Once the pictures are set aside, reproduce the entries below exactly.

:: Input data

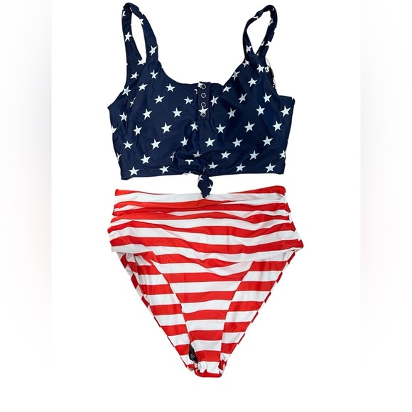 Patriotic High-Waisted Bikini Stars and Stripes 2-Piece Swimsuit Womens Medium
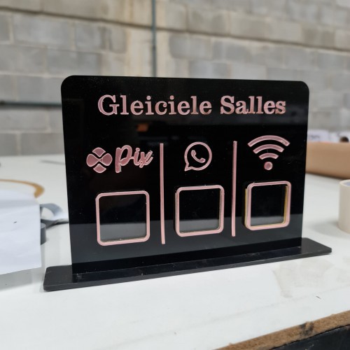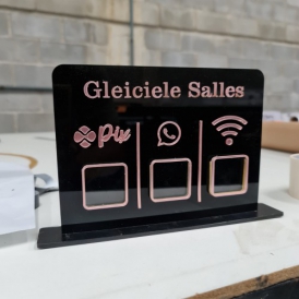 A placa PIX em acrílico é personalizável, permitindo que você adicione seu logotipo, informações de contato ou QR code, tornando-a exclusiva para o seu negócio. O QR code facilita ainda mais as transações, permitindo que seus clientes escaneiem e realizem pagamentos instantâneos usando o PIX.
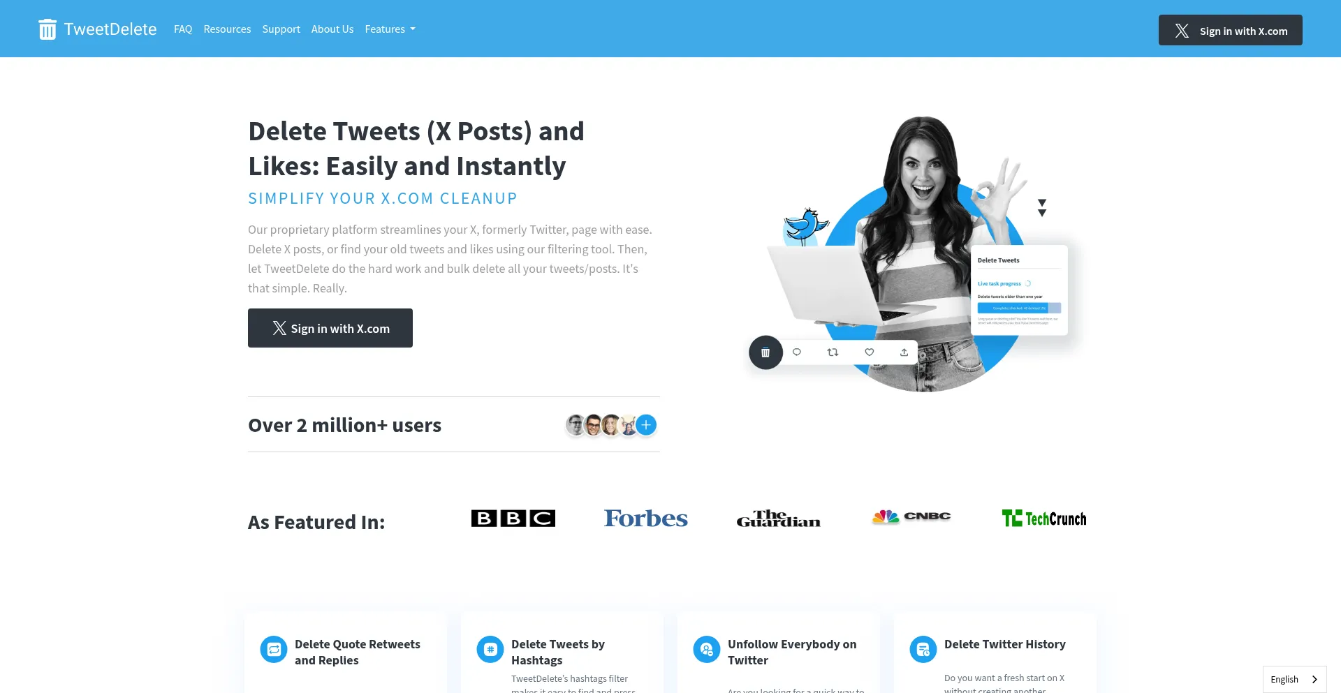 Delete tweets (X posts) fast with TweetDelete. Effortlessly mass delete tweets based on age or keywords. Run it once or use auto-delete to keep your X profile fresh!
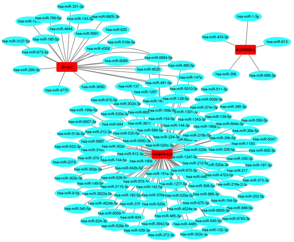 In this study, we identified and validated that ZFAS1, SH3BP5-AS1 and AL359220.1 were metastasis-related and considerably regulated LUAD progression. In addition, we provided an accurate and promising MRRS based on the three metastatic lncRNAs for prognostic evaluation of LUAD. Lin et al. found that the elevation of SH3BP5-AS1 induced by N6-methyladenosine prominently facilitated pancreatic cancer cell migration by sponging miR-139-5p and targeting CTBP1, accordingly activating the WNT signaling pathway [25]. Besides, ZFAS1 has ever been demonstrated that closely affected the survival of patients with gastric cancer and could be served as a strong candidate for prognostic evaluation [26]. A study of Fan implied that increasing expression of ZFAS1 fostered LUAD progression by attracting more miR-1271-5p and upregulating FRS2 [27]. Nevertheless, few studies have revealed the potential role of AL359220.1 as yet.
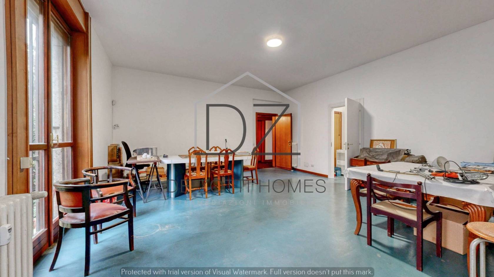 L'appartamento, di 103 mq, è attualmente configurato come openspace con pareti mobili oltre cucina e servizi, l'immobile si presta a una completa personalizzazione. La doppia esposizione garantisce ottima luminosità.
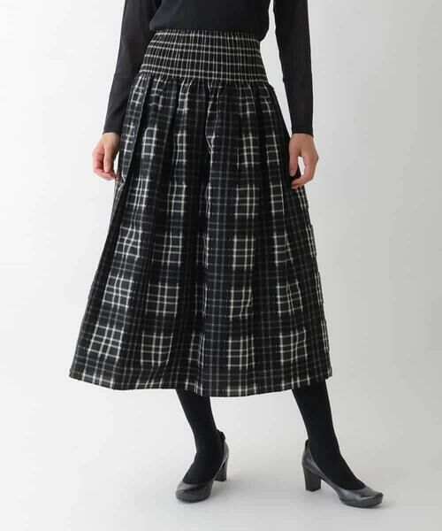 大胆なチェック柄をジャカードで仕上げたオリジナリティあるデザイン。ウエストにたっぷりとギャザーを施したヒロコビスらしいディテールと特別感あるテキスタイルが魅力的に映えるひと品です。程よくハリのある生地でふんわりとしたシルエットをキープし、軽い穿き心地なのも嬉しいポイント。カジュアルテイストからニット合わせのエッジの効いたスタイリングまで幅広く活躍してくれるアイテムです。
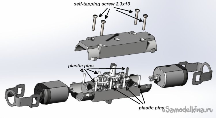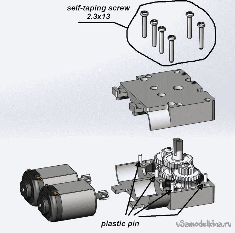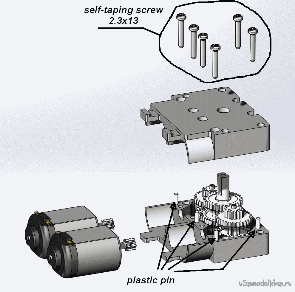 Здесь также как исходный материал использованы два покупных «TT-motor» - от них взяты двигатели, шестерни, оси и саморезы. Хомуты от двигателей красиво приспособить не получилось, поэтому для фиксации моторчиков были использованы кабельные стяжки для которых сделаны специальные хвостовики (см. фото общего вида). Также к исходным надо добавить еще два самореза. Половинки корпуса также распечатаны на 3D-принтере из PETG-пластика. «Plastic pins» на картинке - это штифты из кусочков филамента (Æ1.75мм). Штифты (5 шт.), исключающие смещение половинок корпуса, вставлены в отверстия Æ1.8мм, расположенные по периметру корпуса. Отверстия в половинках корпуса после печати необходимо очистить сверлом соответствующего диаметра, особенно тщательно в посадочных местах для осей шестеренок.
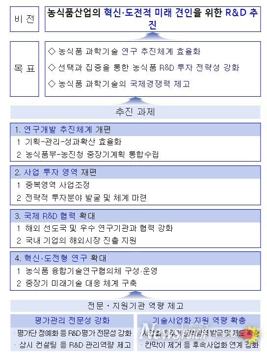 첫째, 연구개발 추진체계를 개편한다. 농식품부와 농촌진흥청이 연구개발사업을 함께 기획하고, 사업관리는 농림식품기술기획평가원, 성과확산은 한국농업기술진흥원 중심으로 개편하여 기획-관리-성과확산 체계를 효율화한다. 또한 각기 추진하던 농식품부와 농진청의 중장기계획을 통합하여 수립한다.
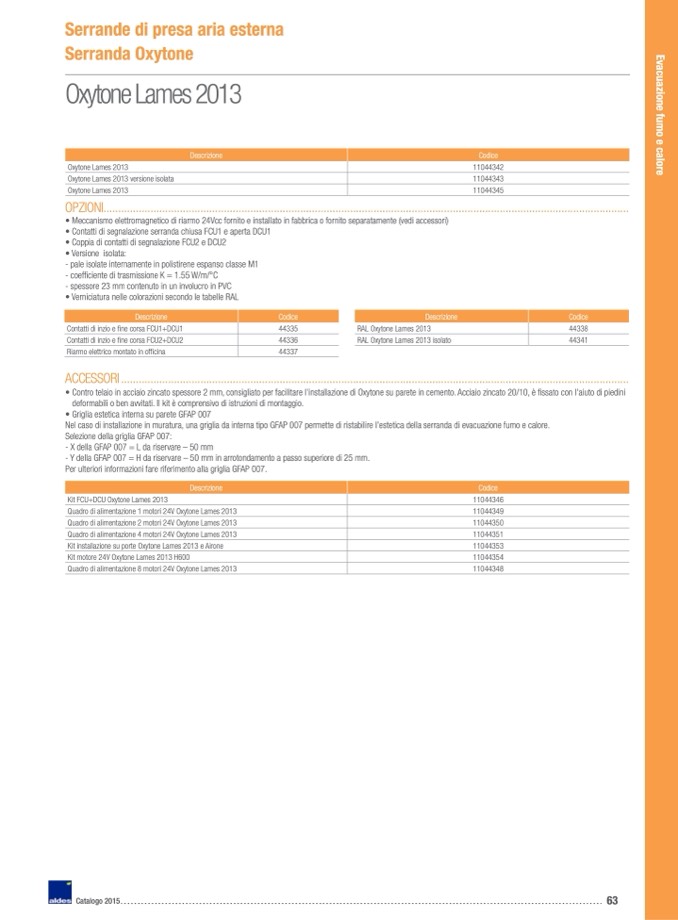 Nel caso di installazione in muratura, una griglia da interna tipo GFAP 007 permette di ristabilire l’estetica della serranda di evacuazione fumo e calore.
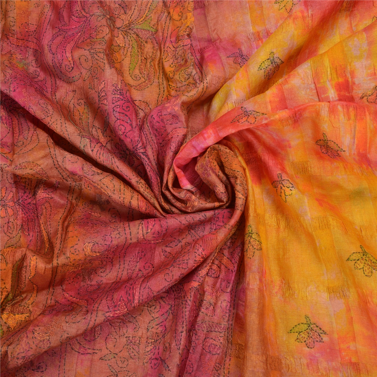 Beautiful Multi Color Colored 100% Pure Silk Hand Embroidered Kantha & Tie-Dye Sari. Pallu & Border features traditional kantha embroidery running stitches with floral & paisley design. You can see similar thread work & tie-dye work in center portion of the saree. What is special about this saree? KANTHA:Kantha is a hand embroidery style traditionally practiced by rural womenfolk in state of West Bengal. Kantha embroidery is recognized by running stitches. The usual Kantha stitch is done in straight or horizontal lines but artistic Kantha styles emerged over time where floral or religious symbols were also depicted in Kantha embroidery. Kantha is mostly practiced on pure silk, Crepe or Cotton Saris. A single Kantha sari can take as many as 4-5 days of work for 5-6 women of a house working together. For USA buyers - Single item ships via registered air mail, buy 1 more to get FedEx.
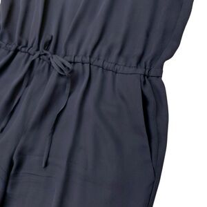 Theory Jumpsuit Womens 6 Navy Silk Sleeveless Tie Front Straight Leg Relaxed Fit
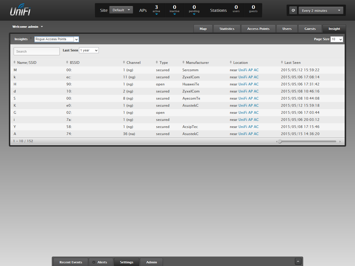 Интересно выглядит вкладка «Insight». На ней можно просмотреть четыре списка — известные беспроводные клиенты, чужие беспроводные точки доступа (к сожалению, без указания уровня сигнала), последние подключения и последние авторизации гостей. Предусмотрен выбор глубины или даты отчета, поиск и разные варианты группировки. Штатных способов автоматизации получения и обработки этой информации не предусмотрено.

::::

→ Task result
 Patriotic High-Waisted Bikini Stars and Stripes 2-Piece Swimsuit Womens Medium
 A placa PIX em acrílico é personalizável, permitindo que você adicione seu logotipo, informações de contato ou QR code, tornando-a exclusiva para o seu negócio. O QR code facilita ainda mais as transações, permitindo que seus clientes escaneiem e realizem pagamentos instantâneos usando o PIX.
 Delete tweets (X posts) fast with TweetDelete. Effortlessly mass delete tweets based on age or keywords. Run it once or use auto-delete to keep your X profile fresh!
 In this study, we identified and validated that ZFAS1, SH3BP5-AS1 and AL359220.1 were metastasis-related and considerably regulated LUAD progression. In addition, we provided an accurate and promising MRRS based on the three metastatic lncRNAs for prognostic evaluation of LUAD. Lin et al. found that the elevation of SH3BP5-AS1 induced by N6-methyladenosine prominently facilitated pancreatic cancer cell migration by sponging miR-139-5p and targeting CTBP1, accordingly activating the WNT signaling pathway [25]. Besides, ZFAS1 has ever been demonstrated that closely affected the survival of patients with gastric cancer and could be served as a strong candidate for prognostic evaluation [26]. A study of Fan implied that increasing expression of ZFAS1 fostered LUAD progression by attracting more miR-1271-5p and upregulating FRS2 [27]. Nevertheless, few studies have revealed the potential role of AL359220.1 as yet.
 L'appartamento, di 103 mq, è attualmente configurato come openspace con pareti mobili oltre cucina e servizi, l'immobile si presta a una completa personalizzazione. La doppia esposizione garantisce ottima luminosità.
 大胆なチェック柄をジャカードで仕上げたオリジナリティあるデザイン。ウエストにたっぷりとギャザーを施したヒロコビスらしいディテールと特別感あるテキスタイルが魅力的に映えるひと品です。程よくハリのある生地でふんわりとしたシルエットをキープし、軽い穿き心地なのも嬉しいポイント。カジュアルテイストからニット合わせのエッジの効いたスタイリングまで幅広く活躍してくれるアイテムです。
 Здесь также как исходный материал использованы два покупных «TT-motor» - от них взяты двигатели, шестерни, оси и саморезы. Хомуты от двигателей красиво приспособить не получилось, поэтому для фиксации моторчиков были использованы кабельные стяжки для которых сделаны специальные хвостовики (см. фото общего вида). Также к исходным надо добавить еще два самореза. Половинки корпуса также распечатаны на 3D-принтере из PETG-пластика. «Plastic pins» на картинке - это штифты из кусочков филамента (Æ1.75мм). Штифты (5 шт.), исключающие смещение половинок корпуса, вставлены в отверстия Æ1.8мм, расположенные по периметру корпуса. Отверстия в половинках корпуса после печати необходимо очистить сверлом соответствующего диаметра, особенно тщательно в посадочных местах для осей шестеренок.
 첫째, 연구개발 추진체계를 개편한다. 농식품부와 농촌진흥청이 연구개발사업을 함께 기획하고, 사업관리는 농림식품기술기획평가원, 성과확산은 한국농업기술진흥원 중심으로 개편하여 기획-관리-성과확산 체계를 효율화한다. 또한 각기 추진하던 농식품부와 농진청의 중장기계획을 통합하여 수립한다.
 Nel caso di installazione in muratura, una griglia da interna tipo GFAP 007 permette di ristabilire l’estetica della serranda di evacuazione fumo e calore.
 Beautiful Multi Color Colored 100% Pure Silk Hand Embroidered Kantha & Tie-Dye Sari. Pallu & Border features traditional kantha embroidery running stitches with floral & paisley design. You can see similar thread work & tie-dye work in center portion of the saree. What is special about this saree? KANTHA:Kantha is a hand embroidery style traditionally practiced by rural womenfolk in state of West Bengal. Kantha embroidery is recognized by running stitches. The usual Kantha stitch is done in straight or horizontal lines but artistic Kantha styles emerged over time where floral or religious symbols were also depicted in Kantha embroidery. Kantha is mostly practiced on pure silk, Crepe or Cotton Saris. A single Kantha sari can take as many as 4-5 days of work for 5-6 women of a house working together. For USA buyers - Single item ships via registered air mail, buy 1 more to get FedEx.
 Theory Jumpsuit Womens 6 Navy Silk Sleeveless Tie Front Straight Leg Relaxed Fit
 Интересно выглядит вкладка «Insight». На ней можно просмотреть четыре списка — известные беспроводные клиенты, чужие беспроводные точки доступа (к сожалению, без указания уровня сигнала), последние подключения и последние авторизации гостей. Предусмотрен выбор глубины или даты отчета, поиск и разные варианты группировки. Штатных способов автоматизации получения и обработки этой информации не предусмотрено.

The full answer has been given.